Aleppo evacuation resumes after Syrian rebels

News Hour:

A number of buses containing fighters from east Aleppo and their families left the last rebel-held sector of the Syrian city on Sunday after a deal between rebels and pro-government forces allowed evacuations to resume.

Pro-government forces agreed to the deal in exchange for people being allowed to leave two Shi’ite villages besieged by insurgents. The Aleppo evacuation ground to a halt on Friday after a disagreement over the villages of al-Foua and Kefraya.

Syrian state television, citing its correspondent in the city, said on Sunday buses had started to leave east Aleppo where over 15,000 people gathered in a square to wait for the buses.
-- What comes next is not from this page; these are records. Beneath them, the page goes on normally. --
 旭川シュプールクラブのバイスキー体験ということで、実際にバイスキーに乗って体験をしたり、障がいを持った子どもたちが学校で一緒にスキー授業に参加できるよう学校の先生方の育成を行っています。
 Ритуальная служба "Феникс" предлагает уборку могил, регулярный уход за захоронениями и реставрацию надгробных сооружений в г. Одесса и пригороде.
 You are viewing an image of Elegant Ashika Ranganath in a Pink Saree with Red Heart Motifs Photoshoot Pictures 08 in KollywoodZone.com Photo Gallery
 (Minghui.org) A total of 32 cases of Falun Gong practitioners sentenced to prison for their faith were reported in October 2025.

Many had spent the night sleeping in the streets in freezing temperatures, reports Reuters.

However, five buses were attacked and burned on their way there, the Syrian Observatory for Human Rights and Syrian state media said.

State television showed pictures of flames coming from the green buses which have come to be synonymous with evacuations in Syria.
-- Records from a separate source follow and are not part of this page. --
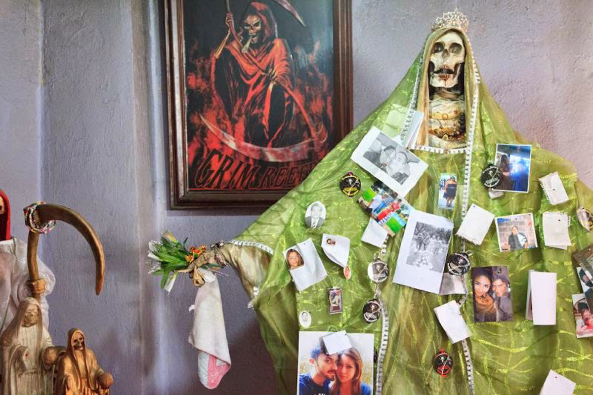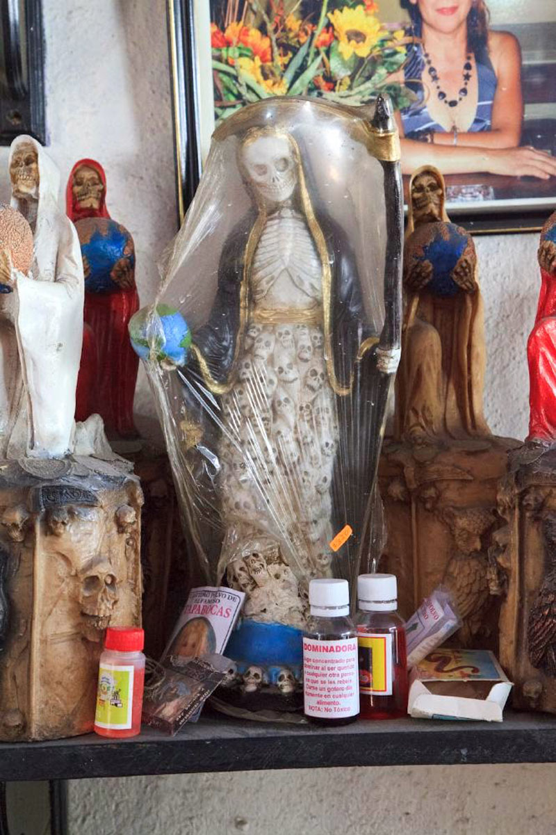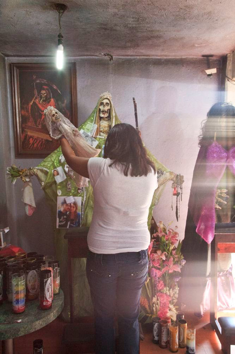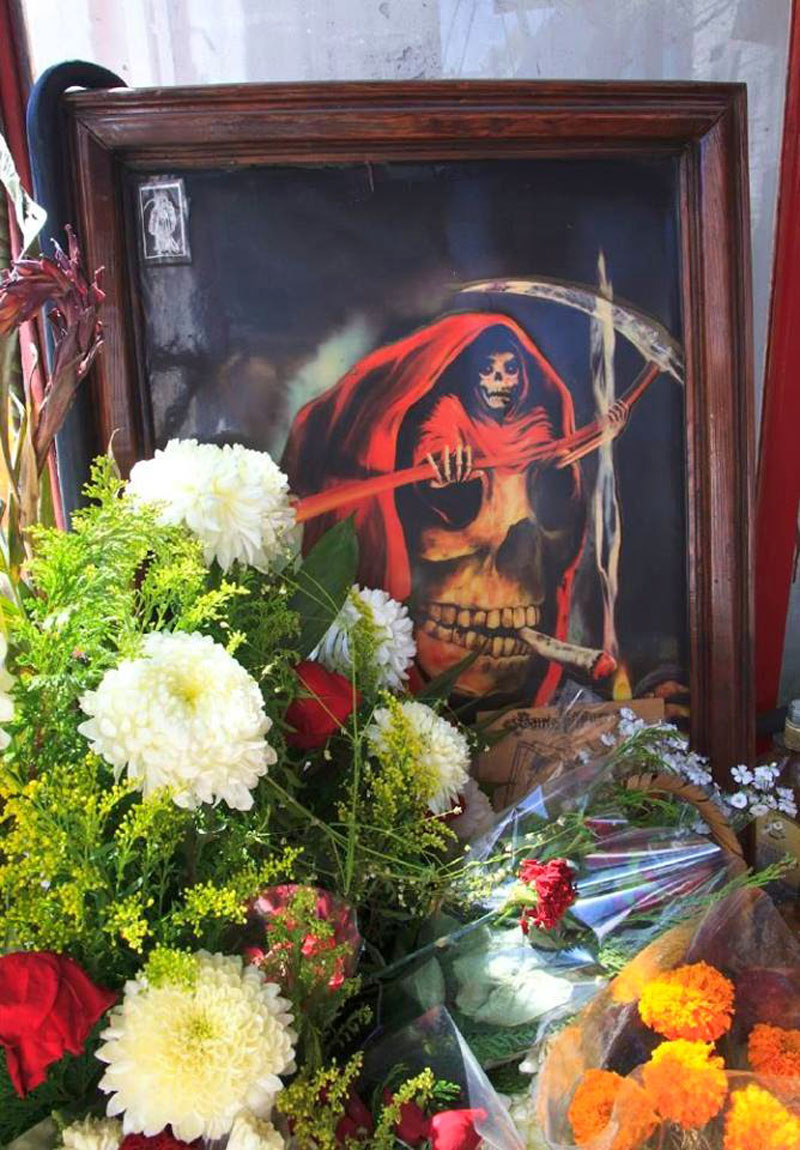 Santa Muerte - literally "Holy Death" or "Saint Death" - is the sacred figure of death personified as a woman. She is venerated by an ever growing number of people in Mexico and beyond, and is especially popular with disenfranchised members of society such as criminals, prostitutes, transvestites, homosexuals, prisoners, the very poor, and other people for whom conventional Catholicism has not provided a better or a safer life. The phenomenon is thought to have its roots in a syncretism of the beliefs of the native Latin Americans and the colonizing Spanish Catholics.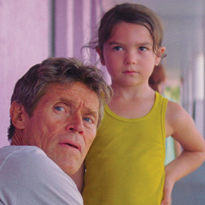 The focus is on the kids, as in a crane shot of Moonee and the little terrorists she hangs with running through the balconies. They’re Jancey (Valeria Cotto) and the third-grade boy Scooty (Christopher Rivera), a chronic mischief-maker who tries to play it urbane: “Relax, your daughter is safe in my hands.” It’s a gift to be a director so attuned to a kid’s world. But Willem Dafoe is the real star, and it’s one of the juiciest and most gentle roles he’s done.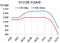 부타디엔(Butadiene)은 폭락했다. 부타디엔 시세는 11월17일 FOB Korea가 톤당 950달러로 60달러, CFR SE Asia는 905달러로 65달러 폭락했다. 중화권은 CFR China가 980달러로 60달러, CFR Taiwan은 985달러로 45달러 하락했다. FOB Korea는 9월8일 톤당 950달러를 형성한 이후 10주만에 1000달러가 무너지며 폭락했다.

Videos broadcast on social media showed men with guns cheering and shouting “God is great” as the buses burned.

State media said “armed terrorists”, a term it uses for groups fighting against President Bashar al-Assad’s rule, carried out the attack. Pro-Damascus Mayadeen television said the rebel group formerly known as the Nusra Front was behind the attack.
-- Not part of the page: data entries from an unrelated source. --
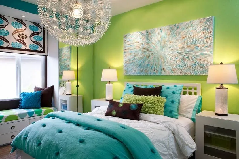 Спальня, оформленная в салатовых тонах, благоприятно воздействует на физическое и психическое здоровье человека. Известно, что бледный салатовый оттенок способствует снижению артериального давления. Кроме того, салатовый цвет помогает быстро снять нервное напряжение. При умелом грамотном сочетании салатового с другими оттенками, в спальне будет создан положительный настрой при любой погоде за окном. Можно выбрать настенные покрытия салатового цвета или повесить шторы данного оттенка. Можно купить текстиль или прикроватные коврики, выдержанные в салатовых тонах.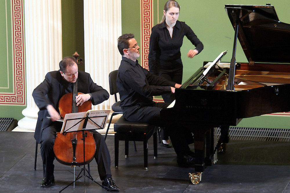 Zu Beginn erklangen die Sieben Variationen in Es-Dur über das Duett „Bei Männern welche Liebe fühlen“ WoO 46von Ludwig van Beethoven (1770–1827). Der Komponist wählte das Thema aus Wolfgang Amadé Mozarts Oper „Die Zauberflöte“ und verlieh ihm durch spielerische Veränderungen ein eigenes musikalisches Gepräge. Die Rolle des Papageno übernahm teilweise das Violoncello, die der Pamina das Klavier. Nach anfänglich leichten, aber unwesentlichen Intonationsproblemen verstand es Peter Hörr die melodischen Phrasen mit seinem Instrument deutlich herauszuarbeiten, alles wurde transparent gestaltet. Paul Rivinius' Begleitung war angemessen, farbig und facettenreich. Große Sorgfalt waltete auch bei der Übertragung der textlichen Diktion der Vorlage auf die solistisch hervortretenden Instrumente.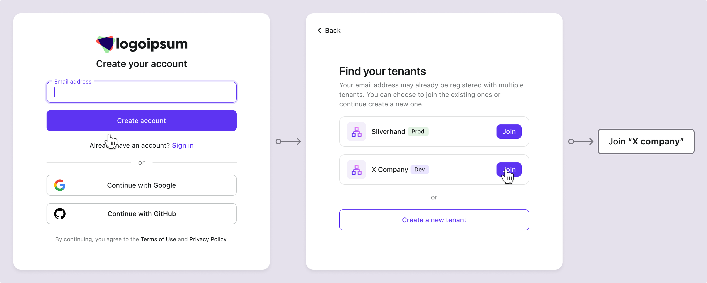 A lista de organizações e o fluxo de entrada geralmente aparecem durante o onboarding do usuário. Por exemplo, quando um administrador convida alguém para um workspace, mas o usuário ignora o convite por e-mail e faz login ou cadastro diretamente no aplicativo.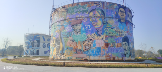 活动当天,老教授们一行先后来到洞庭氮肥厂旧址,东风湖公园和洞庭湖畔的岳阳楼等历史文化名胜之地参观采风写生。虽值寒冬,但巴陵大地依旧呈现出“上下天光,一碧万顷”的壮美气象。而此时的洞庭湖,天空湛蓝如洗,湖面清澈见底,水天相接处泛着银光。只见工业管道和蒸馏塔融合涂鸦艺术后呈现出焕然一新的精神面貌,特别是君山岛在阳光笼罩下,如一幅水墨丹青,朦胧而诗意,让人想起杜甫“昔闻洞庭水,今上岳阳楼”的千古感慨。参加活动的王教授情不自禁引吭高歌了一曲《洞庭鱼米乡》的湖南民歌,这一举动的点燃了老教授们的热情,大家重温北宋著名文学家范仲淹《岳阳楼记》中“先天下之忧而忧,后天下之乐而乐”的家国情怀,感受千年文脉的深厚积淀,实现一次穿越时代的心灵共振。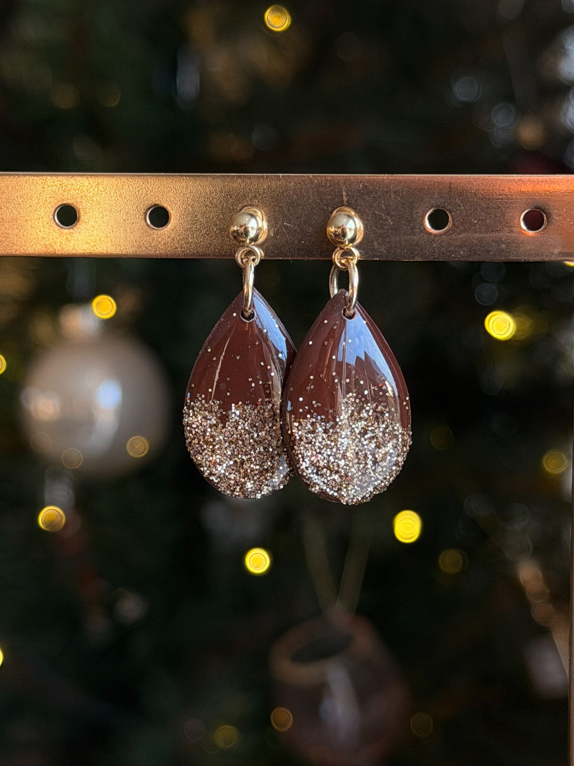 Prachtige oorbellen in bruine tinten met glitters. Afgewerkt met een mooie glanslaag.

Rebel officials said an angry crowd of people, possibly alongside pro-government “operatives”, was responsible.

Aleppo had been divided between government and rebel areas in the nearly six-year-long war, but a lightning advance by the Syrian army and its allies began in mid-November following months of intense air strikes, forcing the insurgents out of most of the rebel-held territory within a matter of weeks.